Inderdaad. Je bent ook coördinerend minister van Emancipatie. Wat is je beleid om die krachten in de Nederlandse samenleving te beheersen?

“Laat ik beginnen met dat de kerngedachte van diversiteit en aandacht voor iedereen in de samenleving begint met het besef dat een heleboel groepen in de samenleving in onze collectieve blinde vlek zitten en hebben gezeten, die niet de rol krijgen die ze verdienen en niet gewoon zichzelf kunnen zijn. We komen van ver en we hebben nog een lange weg te gaan naar een fundamenteel gelijkwaardige en rechtvaardige samenleving.”

“De discussie die je schetst rondom diversiteit gaat over de eigenheid van mensen. Mensen voelen zich persoonlijk aangesproken en dat is ook het verschil met andere discussies. Het gaat vaak over onszelf. Dat roept een hoop emoties op. Zeker in het onderwijs, met veel jonge mensen die zo vaak een veel betere antenne hebben voor wat er mis is in de samenleving. Ik heb geleerd dat doelgroepen aanspreken in een passende taal en met aandacht en respect voor waar zij zich bevinden ook de meest effectieve manier is om die, in mijn ogen uiteindelijk onvermijdelijke verandering door te zetten. In bepaalde christelijke kringen ligt de discussie rond lhbtiq+ op sommige aspecten moeilijk.
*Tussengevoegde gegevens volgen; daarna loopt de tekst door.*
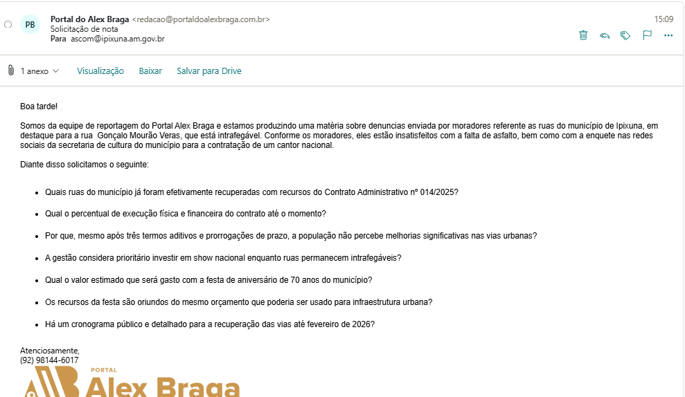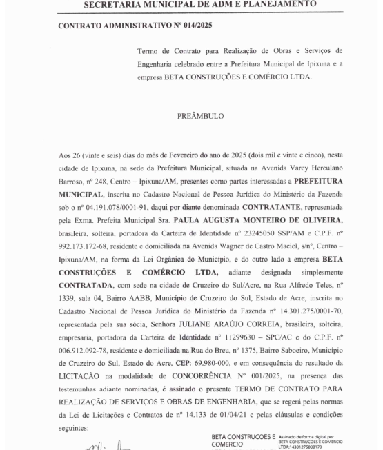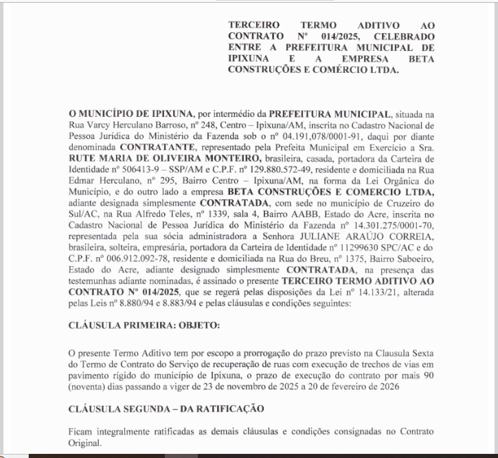 O abandono das vias urbanas chama ainda mais atenção porque, em 26 de fevereiro de 2025, a Prefeitura de Ipixuna firmou o Contrato Administrativo nº 014/2025 com a empresa Beta Construções e Comércio Ltda, no valor global de R$ 1.662.061,45.

Maar het helpt om samen in gesprek gaan vanuit een gemeenschappelijke waarde, naastenliefde bijvoorbeeld.”

“We willen naar een samenleving waar iedereen zich vrij kan voelen. Ik spreek ook liever over expansie dan inclusie. Bij inclusie moeten groepen zich vaak in de bestaande samenleving invechten, maar bij expansie verandert de samenleving zelf. De samenleving schept ruimte voor ondervertegenwoordigde en achtergestelde groeperingen.”